Data records:
------------------------

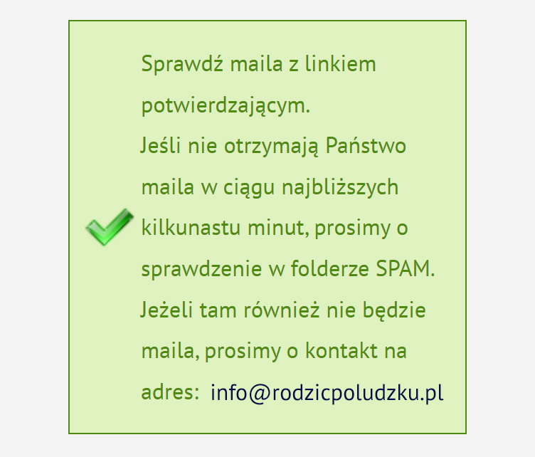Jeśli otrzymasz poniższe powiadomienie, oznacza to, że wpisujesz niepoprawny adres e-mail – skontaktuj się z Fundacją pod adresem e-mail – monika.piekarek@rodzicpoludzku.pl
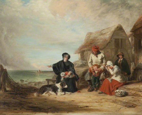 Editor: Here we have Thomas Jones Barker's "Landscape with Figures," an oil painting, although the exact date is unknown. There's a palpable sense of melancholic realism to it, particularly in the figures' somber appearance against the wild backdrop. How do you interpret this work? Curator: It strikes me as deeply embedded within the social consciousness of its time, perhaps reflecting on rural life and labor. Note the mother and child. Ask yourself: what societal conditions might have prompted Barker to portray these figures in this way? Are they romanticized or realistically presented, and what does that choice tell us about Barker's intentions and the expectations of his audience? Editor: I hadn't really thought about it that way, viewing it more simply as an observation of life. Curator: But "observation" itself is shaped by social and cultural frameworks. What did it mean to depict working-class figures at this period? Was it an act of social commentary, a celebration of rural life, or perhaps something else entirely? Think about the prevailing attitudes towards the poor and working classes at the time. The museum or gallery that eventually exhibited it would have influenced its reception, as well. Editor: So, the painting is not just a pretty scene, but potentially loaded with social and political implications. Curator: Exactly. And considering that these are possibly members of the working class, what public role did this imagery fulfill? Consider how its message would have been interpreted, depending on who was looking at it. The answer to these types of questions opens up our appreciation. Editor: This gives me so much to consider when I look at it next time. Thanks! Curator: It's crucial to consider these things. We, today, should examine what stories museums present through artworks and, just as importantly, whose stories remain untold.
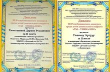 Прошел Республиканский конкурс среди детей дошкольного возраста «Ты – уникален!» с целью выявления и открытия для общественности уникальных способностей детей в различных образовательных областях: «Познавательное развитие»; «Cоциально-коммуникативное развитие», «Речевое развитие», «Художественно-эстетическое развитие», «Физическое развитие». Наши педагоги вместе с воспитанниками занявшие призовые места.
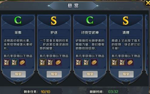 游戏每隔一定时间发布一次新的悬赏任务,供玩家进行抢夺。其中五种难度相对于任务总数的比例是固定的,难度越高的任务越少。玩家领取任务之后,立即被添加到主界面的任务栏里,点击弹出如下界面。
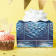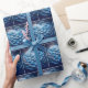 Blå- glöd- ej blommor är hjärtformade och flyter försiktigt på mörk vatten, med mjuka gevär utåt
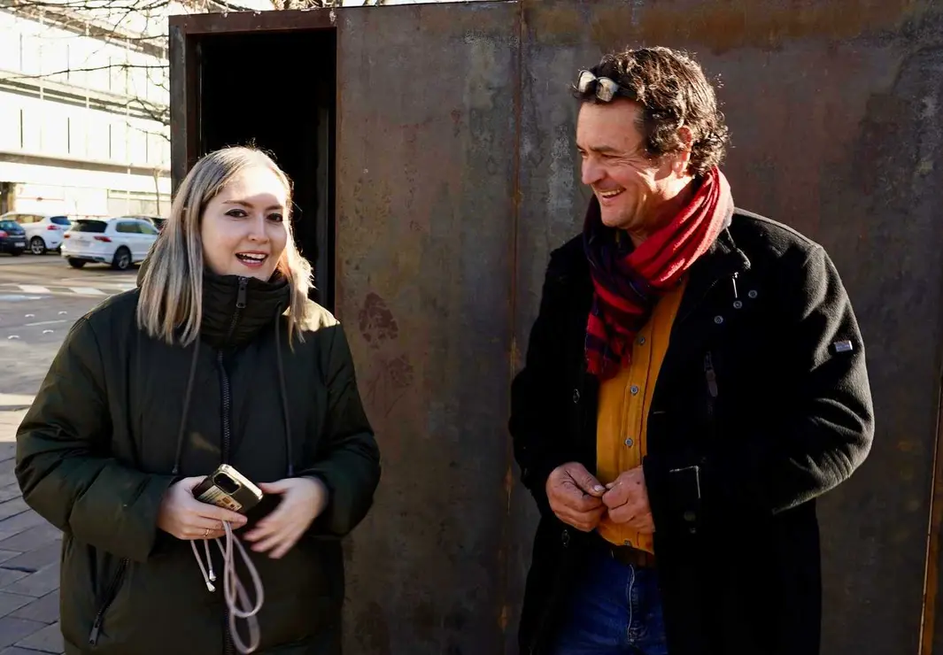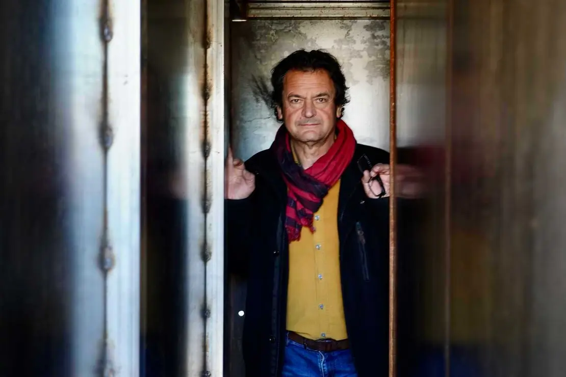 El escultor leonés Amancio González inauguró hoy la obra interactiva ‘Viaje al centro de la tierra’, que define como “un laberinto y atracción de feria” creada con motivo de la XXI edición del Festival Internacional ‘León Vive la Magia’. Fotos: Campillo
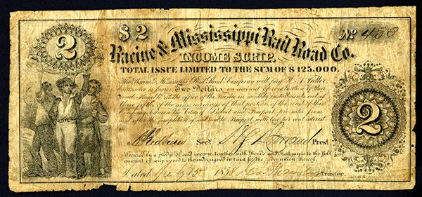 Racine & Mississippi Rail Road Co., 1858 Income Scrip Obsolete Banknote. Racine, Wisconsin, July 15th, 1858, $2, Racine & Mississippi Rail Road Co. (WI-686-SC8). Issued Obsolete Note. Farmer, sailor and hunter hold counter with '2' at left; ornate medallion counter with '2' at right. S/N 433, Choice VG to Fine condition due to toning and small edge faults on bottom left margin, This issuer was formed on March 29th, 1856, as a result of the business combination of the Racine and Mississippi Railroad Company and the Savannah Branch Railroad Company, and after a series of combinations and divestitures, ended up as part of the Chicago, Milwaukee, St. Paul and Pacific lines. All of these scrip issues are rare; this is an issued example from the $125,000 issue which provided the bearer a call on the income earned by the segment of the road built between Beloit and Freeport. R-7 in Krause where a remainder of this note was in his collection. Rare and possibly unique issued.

------------------------

Exercise requirements:
Skipping every picture, reproduce the records word for word.

Answer to the problem:
Jeśli otrzymasz poniższe powiadomienie, oznacza to, że wpisujesz niepoprawny adres e-mail – skontaktuj się z Fundacją pod adresem e-mail – monika.piekarek@rodzicpoludzku.pl
 Editor: Here we have Thomas Jones Barker's "Landscape with Figures," an oil painting, although the exact date is unknown. There's a palpable sense of melancholic realism to it, particularly in the figures' somber appearance against the wild backdrop. How do you interpret this work? Curator: It strikes me as deeply embedded within the social consciousness of its time, perhaps reflecting on rural life and labor. Note the mother and child. Ask yourself: what societal conditions might have prompted Barker to portray these figures in this way? Are they romanticized or realistically presented, and what does that choice tell us about Barker's intentions and the expectations of his audience? Editor: I hadn't really thought about it that way, viewing it more simply as an observation of life. Curator: But "observation" itself is shaped by social and cultural frameworks. What did it mean to depict working-class figures at this period? Was it an act of social commentary, a celebration of rural life, or perhaps something else entirely? Think about the prevailing attitudes towards the poor and working classes at the time. The museum or gallery that eventually exhibited it would have influenced its reception, as well. Editor: So, the painting is not just a pretty scene, but potentially loaded with social and political implications. Curator: Exactly. And considering that these are possibly members of the working class, what public role did this imagery fulfill? Consider how its message would have been interpreted, depending on who was looking at it. The answer to these types of questions opens up our appreciation. Editor: This gives me so much to consider when I look at it next time. Thanks! Curator: It's crucial to consider these things. We, today, should examine what stories museums present through artworks and, just as importantly, whose stories remain untold.
 Прошел Республиканский конкурс среди детей дошкольного возраста «Ты – уникален!» с целью выявления и открытия для общественности уникальных способностей детей в различных образовательных областях: «Познавательное развитие»; «Cоциально-коммуникативное развитие», «Речевое развитие», «Художественно-эстетическое развитие», «Физическое развитие». Наши педагоги вместе с воспитанниками занявшие призовые места.
 游戏每隔一定时间发布一次新的悬赏任务,供玩家进行抢夺。其中五种难度相对于任务总数的比例是固定的,难度越高的任务越少。玩家领取任务之后,立即被添加到主界面的任务栏里,点击弹出如下界面。
 Blå- glöd- ej blommor är hjärtformade och flyter försiktigt på mörk vatten, med mjuka gevär utåt
 El escultor leonés Amancio González inauguró hoy la obra interactiva ‘Viaje al centro de la tierra’, que define como “un laberinto y atracción de feria” creada con motivo de la XXI edición del Festival Internacional ‘León Vive la Magia’. Fotos: Campillo
 Racine & Mississippi Rail Road Co., 1858 Income Scrip Obsolete Banknote. Racine, Wisconsin, July 15th, 1858, $2, Racine & Mississippi Rail Road Co. (WI-686-SC8). Issued Obsolete Note. Farmer, sailor and hunter hold counter with '2' at left; ornate medallion counter with '2' at right. S/N 433, Choice VG to Fine condition due to toning and small edge faults on bottom left margin, This issuer was formed on March 29th, 1856, as a result of the business combination of the Racine and Mississippi Railroad Company and the Savannah Branch Railroad Company, and after a series of combinations and divestitures, ended up as part of the Chicago, Milwaukee, St. Paul and Pacific lines. All of these scrip issues are rare; this is an issued example from the $125,000 issue which provided the bearer a call on the income earned by the segment of the road built between Beloit and Freeport. R-7 in Krause where a remainder of this note was in his collection. Rare and possibly unique issued.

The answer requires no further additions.